WHAT YOU WILL DO
When you restate the records, do so word for word and omit any picture they contain.

Stored data
####
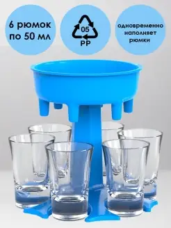 Подставка диспенсер для розлива напитков, 6 рюмок по 50 мл
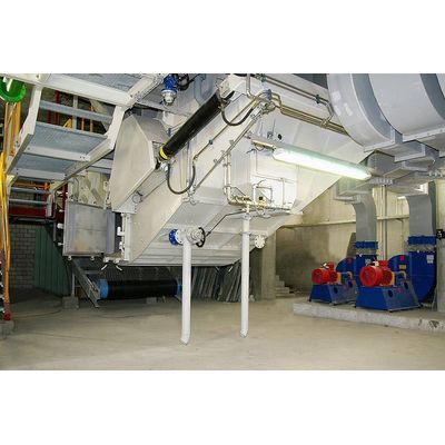 The ash discharger is a well proven design. The drive is made by two hydraulic cylinders attached to a pusher which transfer the slag out of the water bath. The internal surfaces are lined with changeable wear plates, in order that they can be replaced if necessary, during a routine maintenance period.
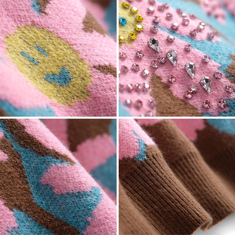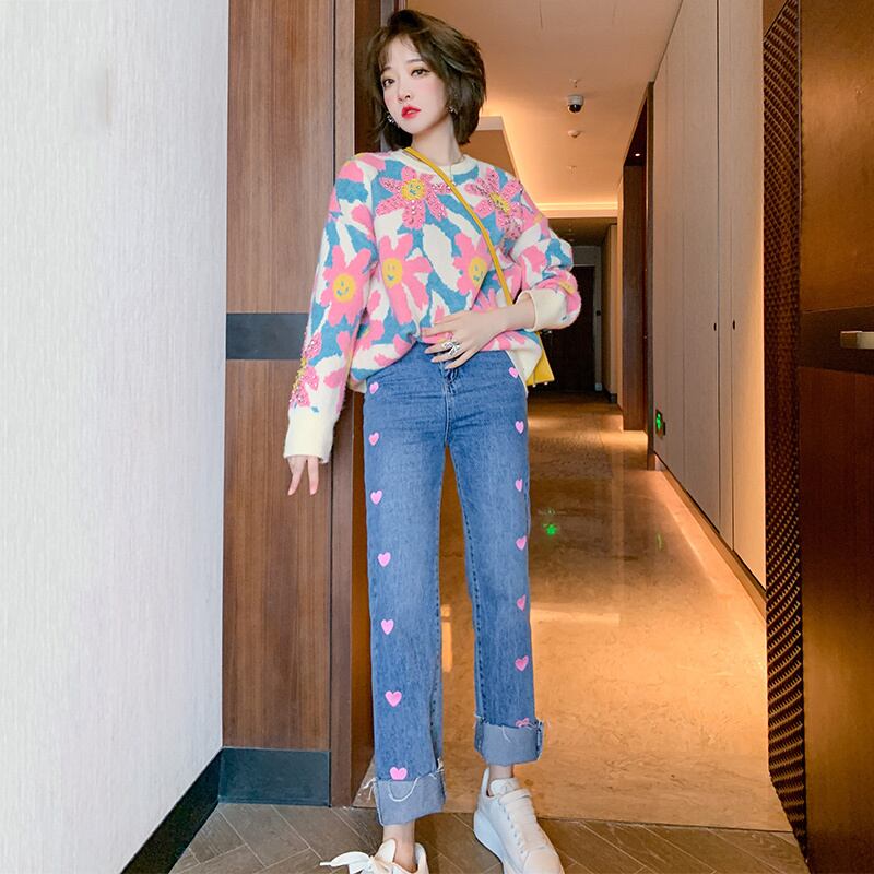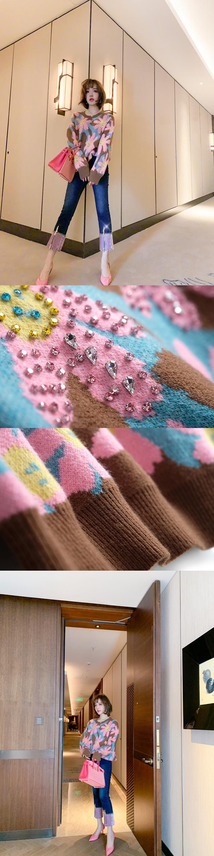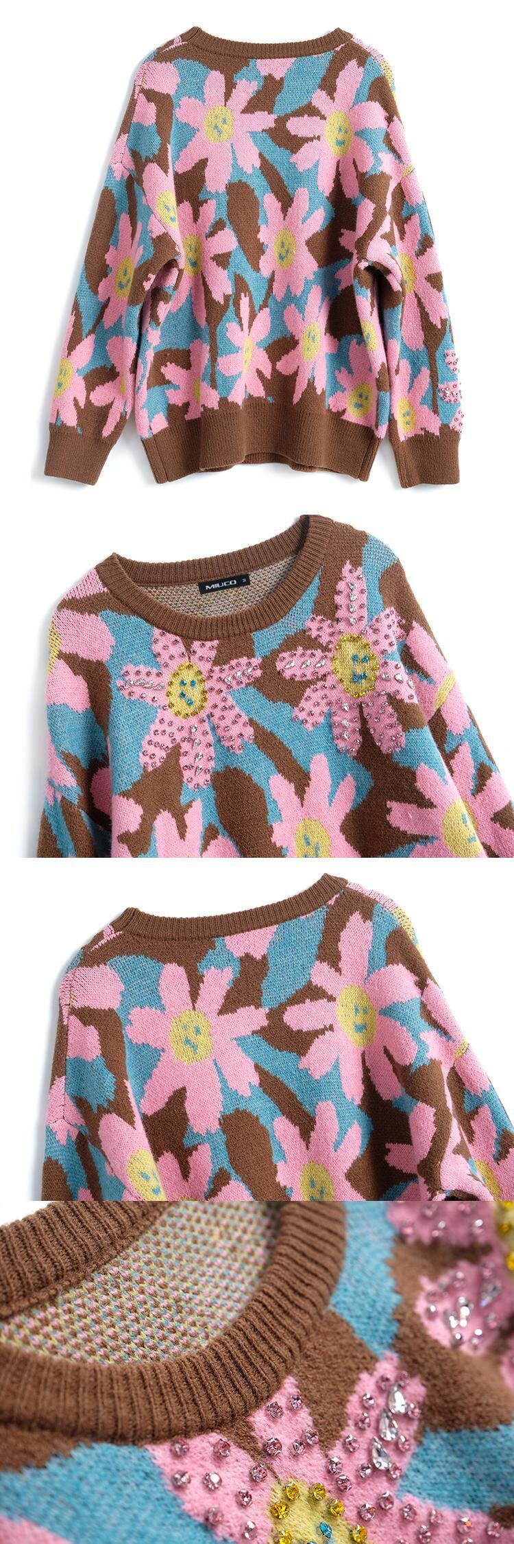 ラウンドネックルーズFlowerデザイン ジャカードニットセーター レディースウィンター 冬物 Oネック フラワーデザイン MIUCO96651897462
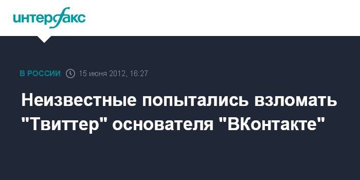 Москва. 15 июня. INTERFAX.RU - Неудачная попытка взлома аккаунта в Twitter, принадлежащего основателю социальной сети "ВКонтакте" Павлу Дурову, была совершена в пятницу.
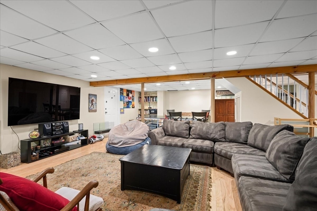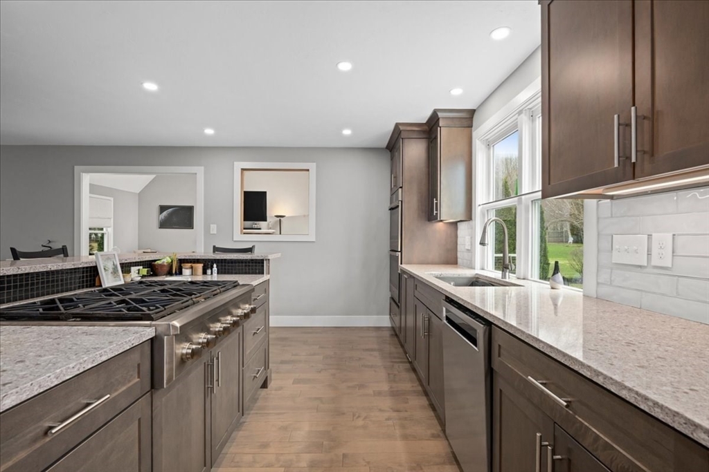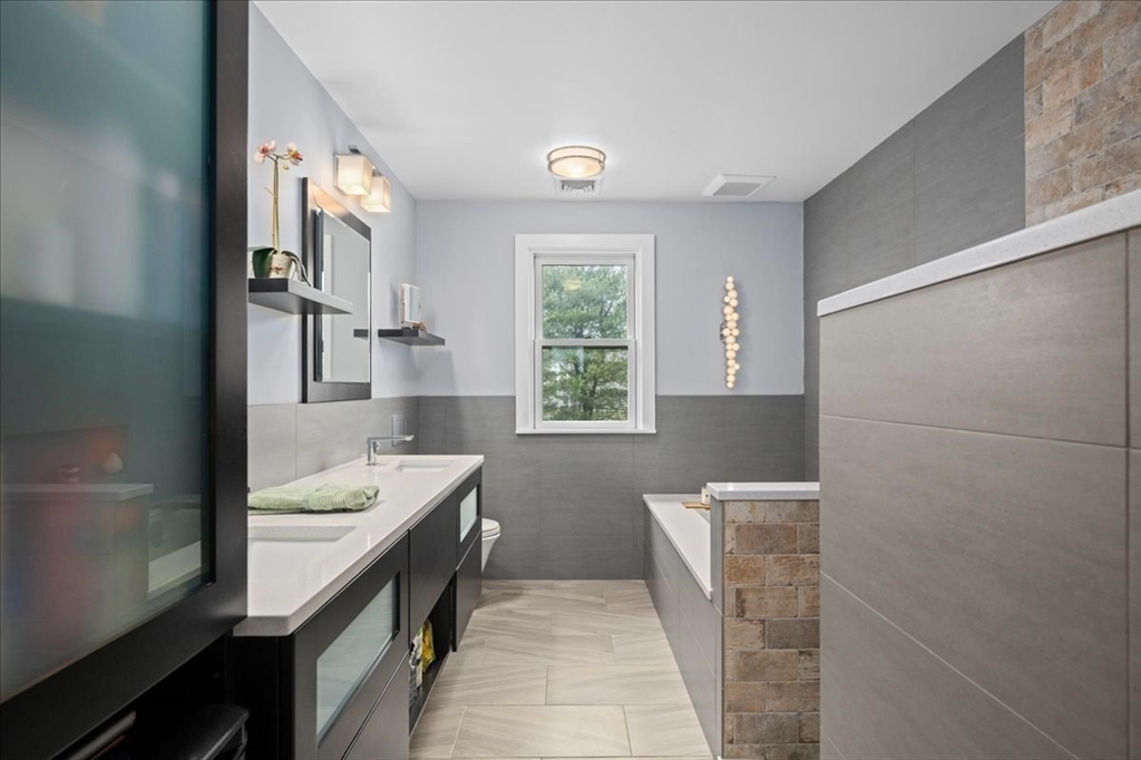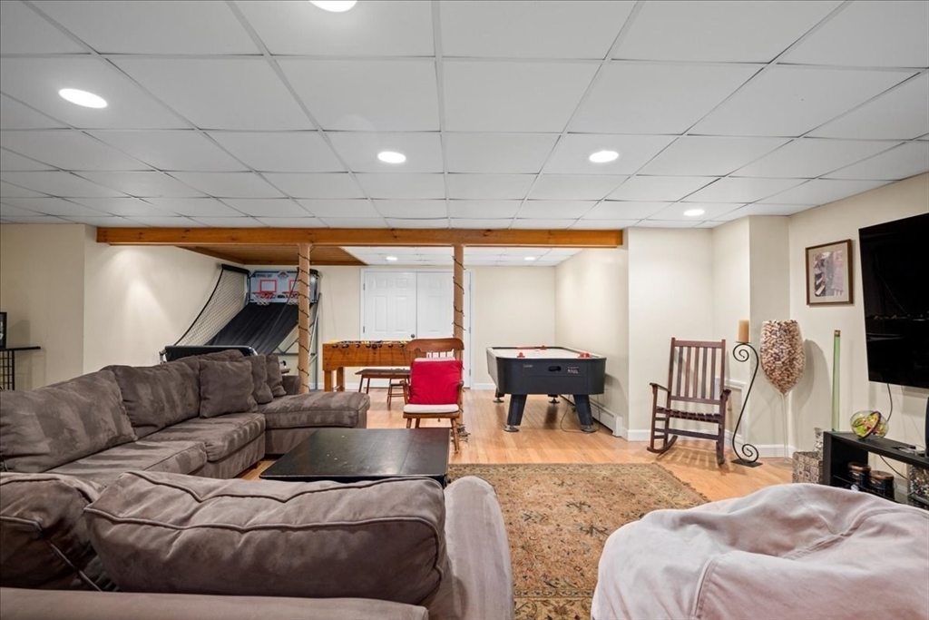 Impeccably maintained and extensively updated, this exceptional home is set in a desirable neighborhood and offers space for everyone. Thoughtful updates include both cosmetic upgrades and mechanical updates. The stunning, renovated kitchen features top-of-the-line finishes, including custom cabinetry, quartz counters, double ovens, gas cooktop, and spacious walk-in pantry, along with a built-in desk and bar area with wine refrigerator. The primary suite serves as a private retreat, complete with a floating vanity, soaking tub, and custom tiled walk-in shower. The second level also includes two generously sized bedrooms and a full bathroom, while the third level offers two additional large bedrooms. Outdoor living is equally impressive with a custom patio with built-in fire pit, basketball court with dual hoops, and an expanded composite deck. Major updates include windows, siding, roof, furnace, generator--all offering peace of mind. Luxury, comfort, and space all in one home!
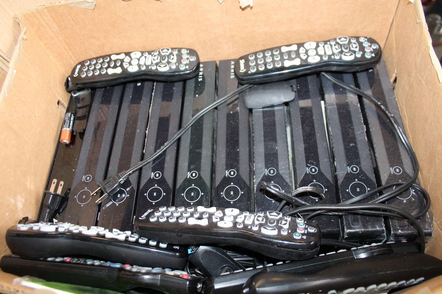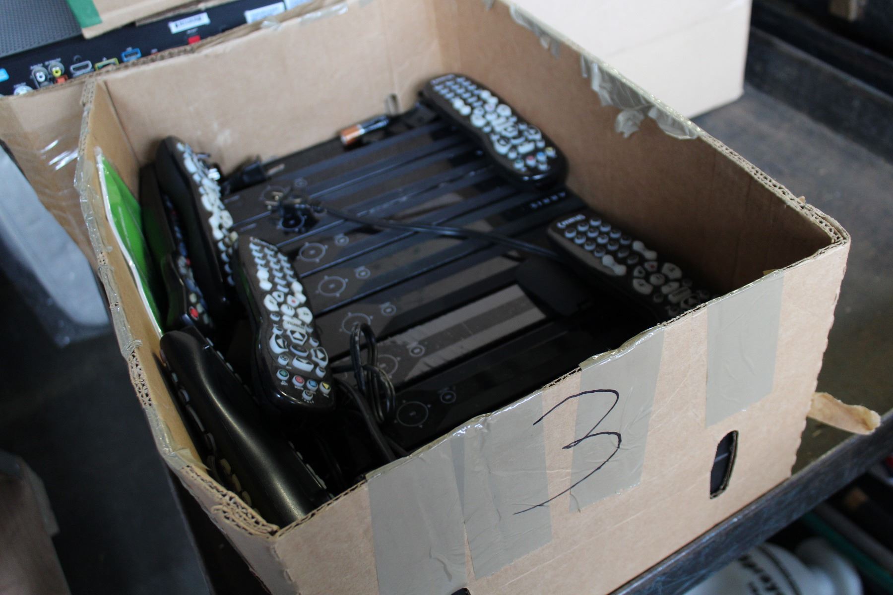 BOX OF ARIS CABLE BOXES AND REMOTES
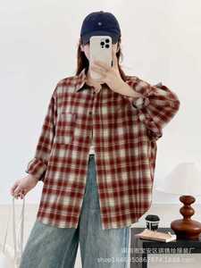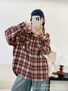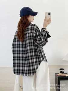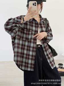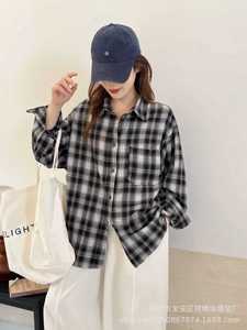 琪镌绘制磨毛格子衬衫女秋季新款宽松慵懒风休闲叠穿格纹长袖衬衣
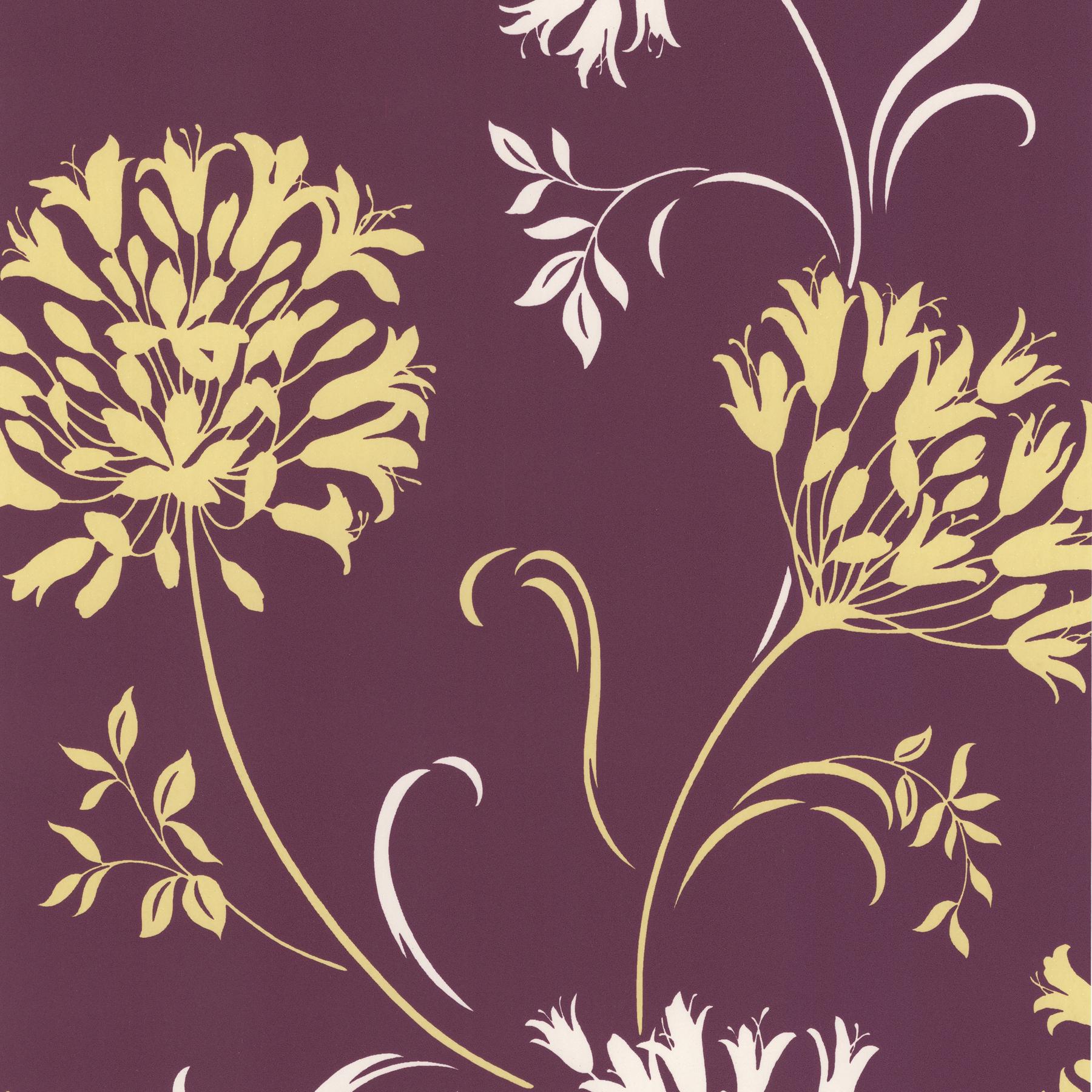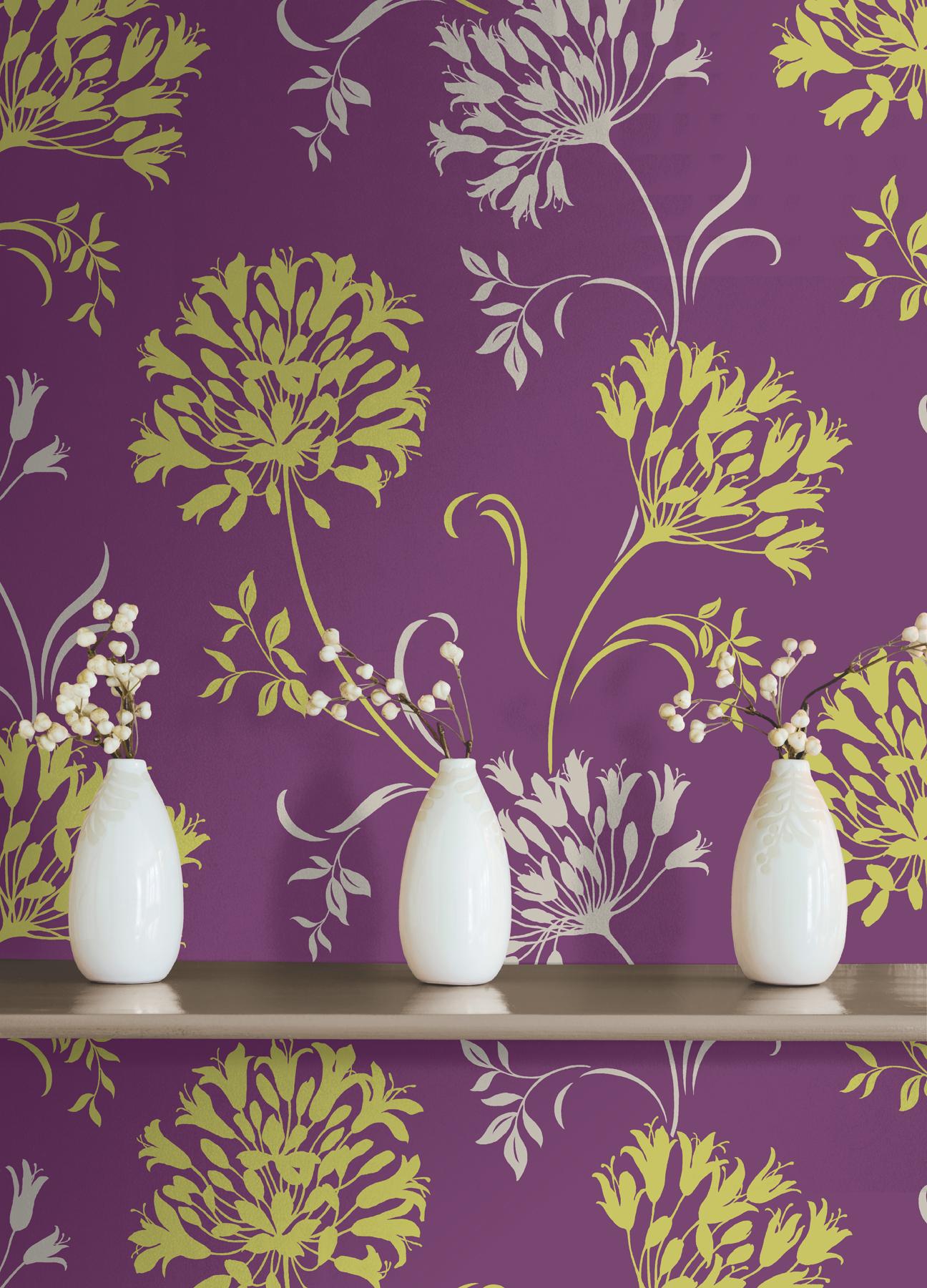 | A juicy purple hue, popping with vivacious chartreuse and platinum. This current flower wallcovering presents deluxe texture effects and an enchanted silhouette design. |
####
COMPLETED EXERCISE
 Подставка диспенсер для розлива напитков, 6 рюмок по 50 мл
 The ash discharger is a well proven design. The drive is made by two hydraulic cylinders attached to a pusher which transfer the slag out of the water bath. The internal surfaces are lined with changeable wear plates, in order that they can be replaced if necessary, during a routine maintenance period.
 ラウンドネックルーズFlowerデザイン ジャカードニットセーター レディースウィンター 冬物 Oネック フラワーデザイン MIUCO96651897462
 Москва. 15 июня. INTERFAX.RU - Неудачная попытка взлома аккаунта в Twitter, принадлежащего основателю социальной сети "ВКонтакте" Павлу Дурову, была совершена в пятницу.
 Impeccably maintained and extensively updated, this exceptional home is set in a desirable neighborhood and offers space for everyone. Thoughtful updates include both cosmetic upgrades and mechanical updates. The stunning, renovated kitchen features top-of-the-line finishes, including custom cabinetry, quartz counters, double ovens, gas cooktop, and spacious walk-in pantry, along with a built-in desk and bar area with wine refrigerator. The primary suite serves as a private retreat, complete with a floating vanity, soaking tub, and custom tiled walk-in shower. The second level also includes two generously sized bedrooms and a full bathroom, while the third level offers two additional large bedrooms. Outdoor living is equally impressive with a custom patio with built-in fire pit, basketball court with dual hoops, and an expanded composite deck. Major updates include windows, siding, roof, furnace, generator--all offering peace of mind. Luxury, comfort, and space all in one home!
 BOX OF ARIS CABLE BOXES AND REMOTES
 琪镌绘制磨毛格子衬衫女秋季新款宽松慵懒风休闲叠穿格纹长袖衬衣
 | A juicy purple hue, popping with vivacious chartreuse and platinum. This current flower wallcovering presents deluxe texture effects and an enchanted silhouette design. |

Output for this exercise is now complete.